Note that the four routines discussed so far may flush more than just the requested TLB entries. For example, if a particular platform does not have an instruction to flush a specific TLB entry, it is safe to implement flush_tlb_page() such that it flushes the entire TLB.

The next routine, flush_tlb_all(), flushes the entire TLB. This is a fallback routine in the sense that it can be used when none of the previous, more fine-grained routines are suitable. By definition, this routine flushes even TLB entries that map kernel pages. Because this is the only routine that does this, any address-translation-related changes to the page-table-mapped kernel segment or the kmap segment must be followed by a call to this routine. For this reason, calls to vmalloc() and vfree() are relatively expensive.

The last routine in this interface is update mmu_cache().
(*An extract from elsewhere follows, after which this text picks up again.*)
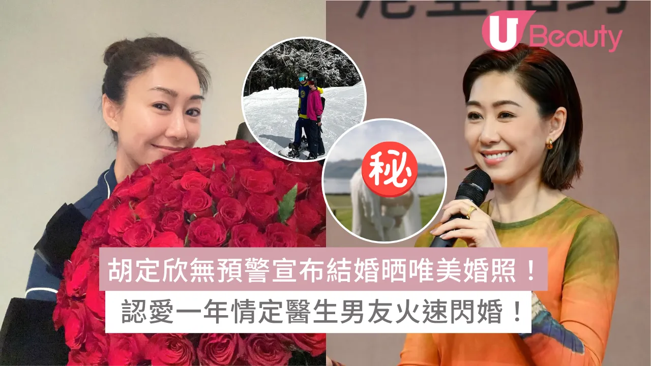 現年43歲的胡定欣,入行多年,感情生活不算豐富,曾與幾位男星傳出緋聞,但戀情都未能開花結果。單身9年的她,去年元宵節驚喜宣布拍拖,公開與醫生男友Akin的甜蜜合照!拍拖逾一年半的兩人,今日無預警宣布喜訊,正式成為夫妻!

Instead of flushing a TLB entry, it can be used to proactively install a new translation. The routine takes three arguments: a vm-area pointer vma, a virtual address addr, and a page-table entry pte. The Linux kernel calls this routine to notify platform-specific code that the virtual page identified by addr now maps to the page frame identified by pte. The vma argument identifies the vm-area structure that covers the virtual page. This routine gives platform-specific code a hint when the page table changes. Because it gives only a hint, a platform is not required to do anything. The platform could use this routine either for platform-specific purposes or to aggressively update the TLB even before the new translation is used for the first time. However, it is important to keep in mind that installation of a new translation generally displaces an existing entry from the TLB, so whether or not this is a good idea depends both on the applications in use and on the performance characteristics of the platform.

IA-64 implementation

On Linux/ia64, flush_tlb_mm() is implemented such that it forces the allocation of a new address-space number (region ID) for the address space identified by argument mm. This is logically equivalent to purging all TLB entries for that address space, but it has the advantage of not requiring execution of any TLB purge instructions.
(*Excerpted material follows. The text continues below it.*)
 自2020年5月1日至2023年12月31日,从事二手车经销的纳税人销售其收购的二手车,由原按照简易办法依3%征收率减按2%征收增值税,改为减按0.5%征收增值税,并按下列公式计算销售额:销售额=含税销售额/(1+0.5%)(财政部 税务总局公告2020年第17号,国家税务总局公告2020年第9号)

The flush_tlb_all() implementation is based on the ptc.e (purge translation cache entry) instruction, which purges a large section of the TLB. Exactly how large a section of the TLB is purged depends on the CPU model. The architected sequence to flush the entire TLB is as follows:

long flags, i, j, addr = BASE_ADDR;
local irq_save( flags); /* disable interrupts */
for ( i = 0; i < COUNT0; ++ i, addr += STRIDE0) {
   for ( j = 0; j < COUNT1; ++ j, addr += STRIDE1)
     ptc e( addr);
}
local irq restore( flags);       /* reenable interrupts */

Here, BASE_ADDR, COUNT0, STRIDE0, COUNT1, and STRIDE1 are CPU-model-specific values that can be obtained from PAL firmware (see Chapter 10, Booting). The advantage of using such an architected loop instead of an instruction that is guaranteed to flush the entire TLB is that ptc.e is easier to implement on CPUs with multiple levels and different types of TLBs. For example, a particular CPU model might have two levels of separate instruction and data TLBs, making difficult to clear all TLBs atomically with a single instruction. However, in the particular case of Itanium, COUNT0 and COUNT1 both have a value of 1, meaning that a single ptc.e instruction flushes the entire TLB.

All other flush routines are implemented with either the ptc.l (purge local translation cache) or the ptc.ga (purge global translation cache and ALAT) instruction. The former is used on UP machines, and the latter is used on MP machines. Both instructions take two operands—a start address and a size—which define the virtual address range from which TLB entries should be purged. The ptc.l instruction affects only the local TLB, so it is generally faster to execute than ptc.ga, which affects the entire machine (see the architecture manual for exact definition [26]). Only one CPU can execute ptc.ga at any given time. To enforce this, the Linux/ia64 kernel uses a spinlock to serialize execution of this instruction.

Linux/ia64 uses update_mmu_cache() to implement a cache flushing that we discuss in more detail in Section 4.6. The routine could also be used to proactively install a new translation in the TLB. However, Linux gives no indication whether the translation is needed for instruction execution or for a data access, so it would be unclear whether the translation should be installed in the instruction or data TLB (or both). Because of this uncertainty and because installing a translation always entails the risk of evicting another, perhaps more useful, TLB entry, it is better to avoid proactive installation of TLB entries.

4.4.3 Lazy TLB flushing

To avoid the need to flush the TLB on every context switch, Linux defines an interface that abstracts differences in how address-space numbers (ASNs) work on a particular platform. This interface is called the ASN interface (file include/asm/mmu_context.h), shown in Figure 4.34. Support for this interface is optional in the sense that platforms with no ASN support simply define empty functions for the routines in this interface and instead define flush_tlb_mm() in such a way that it flushes the entire TLB.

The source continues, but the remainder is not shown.